Introduction
Non-alcoholic fatty liver disease (NAFLD) is an initial manifestation of various pathological conditions, such as non-alcoholic steatohepatitis, cirrhosis and, liver malignancies 1. The most implicated mechanism for NAFLD is insulin resistance2. Supra-physiological levels of glucose, sucrose, and, fructose can induce lipogenic genes through various mechanisms that lead to de novo lipogenesis and inhibit fatty acid oxidation causing deposition of fatty acids in various organs such as liver3. Latter combined insulin resistance, hormones secreted by the adipocytes, nutritional factors, gut microbiota and, genetic factors to describe the pathogenesis of NAFLD. The pooled regional incidence of NAFLD in Asian countries is 52 per 1,000 person-years compared to 28 per 1,000 person-years in the West4. The prevalence of lean NAFLD in Asia is 19%, while it is 7% in the United States 5.
While NAFLD is the commonest liver disease in the west, its effect on pregnancy has not been discussed widely until recently6. Early retrospective studies have reported a low prevalence (28.9/100,000 per pregnancies) on NAFLD 7, yet with definitive adverse pregnancy outcomes. Recent studies show a varying degree of NAFLD among pregnant women, with 15% in Canada8, 14.3%-16.7% in USA9,10, 18.4% in Korea 11, and 18.2% in Sri Lanka12. The secondary data analysis of US inpatient sample of 18,574,225 pregnancies shows that the prevalence of NAFLD after 20 weeks of gestation has tripled over a period of 10 years13. Since its first report in 2011, NAFLD is identified as a major predictor of many fetal and maternal adverse outcomes including miscarriages 14, gestational diabetes mellitus (GDM) 11,15–18, hypertensive complications 19,20, higher caesarean sections20, intrahepatic cholestasis in pregnancy21, pre-term birth 19, low birth weight 21 and postpartum haemorrhage7.
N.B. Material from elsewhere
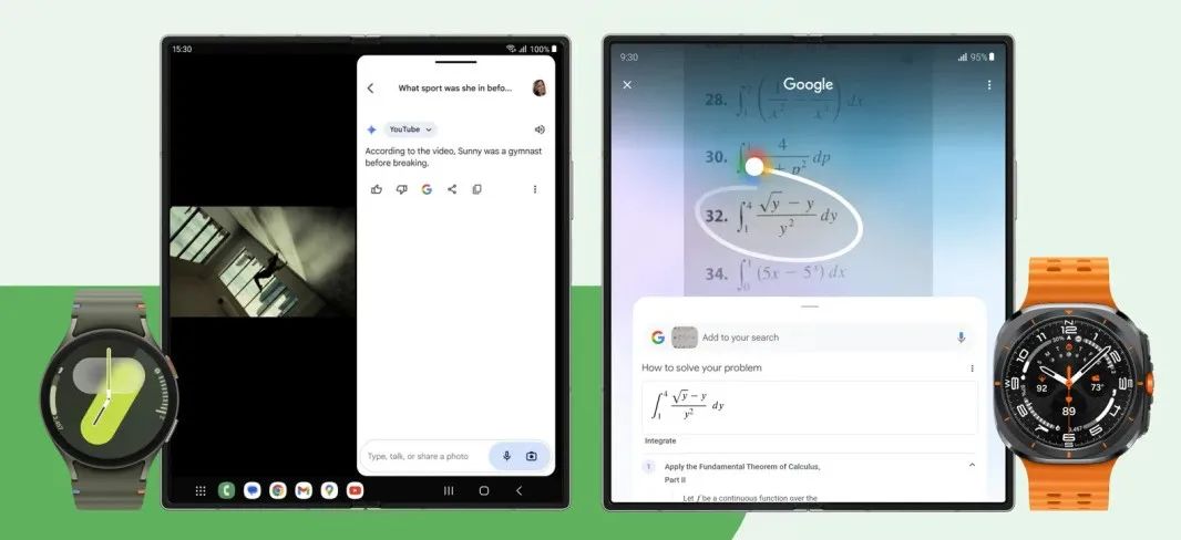 配合全新的 Galaxy Z 系列,Gemini 将根据屏幕上的内容迅速提供相关建议。只需轻扫屏幕角落或者说 "嘿,Google",即可调出 Gemini。如果您正在 YouTube 上观看视频,就会出现 "询问视频相关问题" 的建议。Galaxy Z Fold6 的大屏幕特别适合多任务处理。不久之后,您将能在观看视频时,调出并移动 Gemini 叠层,获得分屏体验。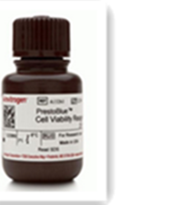 Get high quality cell viability results and instant time savings with PrestoBlue® Cell Viability Reagent. PrestoBlue® is a ready to use cell permeable resazurin-based solution that functions as a cell viability indicator by using the reducing power of living cells to quantitatively measure the proliferation of cells. When added to cells, the PrestoBlue® reagent is modified by the reducing environment of the viable cell and turns red in color, becoming highly fluorescent. This color change can be detected using fluorescence or absorbance measurements

Being an insulin-resistant state, pregnancy itself has a higher risk for NAFLD as well as developing hyperglycaemia. Thus, one of the main adverse pregnancy outcomes associated with NAFLD is GDM. The pooled global prevalence of GDM using IADPSG criteria is reported as 10.6% (95% CI 10.5–10.6%) 22 whereas the estimates for 2005-2015 shows a wide disparity across WHO regions ranging from 5.8% in Europe to 12.9 in middle East and north Africa. The incidence of GDM among pregnant women with NAFLD was shown to be more than 20%23. and the severity of NAFLD is proportional to the risk of GDM and large for gestational age (LGA) babies24. The unconfounded effect of NAFLD on GDM was estimated with an odds ratio around two in two prospective cohort studies; one with OR 2.50 (95% CI 1.07, 5.77) 23 and another with an OR 2.2 (95% CI: 1.1–4.3) 25 and 6.5, (95% CI: 2.3–18.5) in another study. While early pregnancy NAFLD is almost established as a major predictor of GDM, only a limited number of prospective studies are available in global literature and none from South Asian region, a region having high incidence of both NAFLD and GDM. According to our knowledge none of prospective studies are available globally about the association between NAFLD and miscarriages. The purpose of the present study was to determine the role of NAFLD as a risk factor for GDM and early pregnancy miscarriages among Sri Lankan pregnant women.